Mortgage companies will expand the availability of 40 year fixed- rate home mortgages in 2006. 40 year loans are already catching on in California and other areas with high home prices. In 2005, 25% of all new loans in California were 40 year mortgages versus the traditional 30 year loan term.

The 40 year mortgage does carry a slightly higher interest rate than a 30 year loan. But, stretching the loan term lowers the monthly house payment. The reduction in payment can mean the difference between renting and buying for lower income families, or in areas with expensive home prices.

For example, on a $400,000 loan at 6%, the borrower’s monthly payment will be $200 less per month for 40 years, than it would be for the traditional 30 year loan. Although less money goes toward paying off the house, most homeowners never pay off a house, anyway.
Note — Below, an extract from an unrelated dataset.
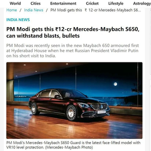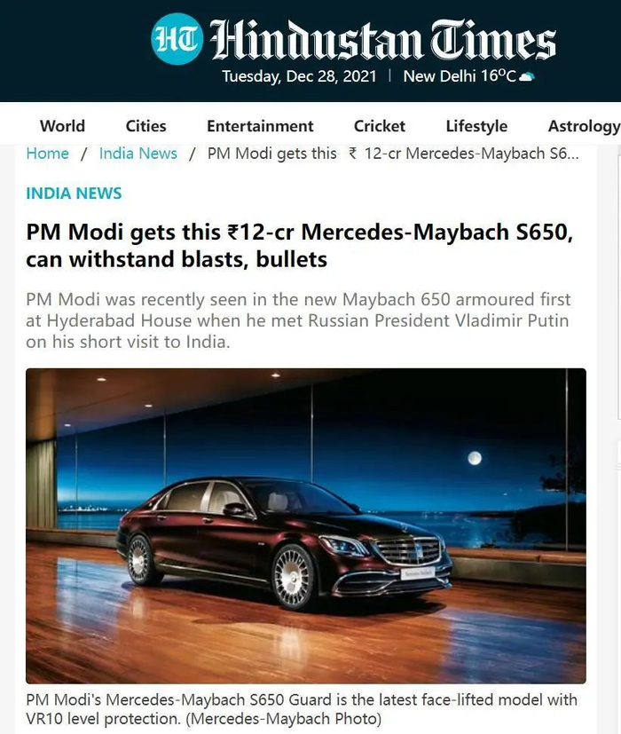 (《印度斯坦时报》:总理莫迪拥有了价值1.2亿卢比的梅赛德斯-迈巴赫S650,可承受爆炸、子弹)

In the U.S. the average homeowner will sell or refinance their home every seven years.

In my opinion, stretching the fixed rate loan term to 40 years is less risky than most Adjustable Rate Mortgages (ARM’s). ARM payments go up as interest rates rise and many have no ceiling on how high your payment can go. ARM’s can spell sticker shock, or worst case, families may face an increase in their payment that exceeds what they can afford.

While 40 year loans may not be for everyone, the product is a safer for those who can not qualify or afford a 30 year fixed rate mortgage. With the 40 year mortgage, at least the loan is fixed and the payment will not change for as long as you need it. If you feel that a 40 year mortgage would be better or safer alternative for you, talk to the lenders and make an informed decision.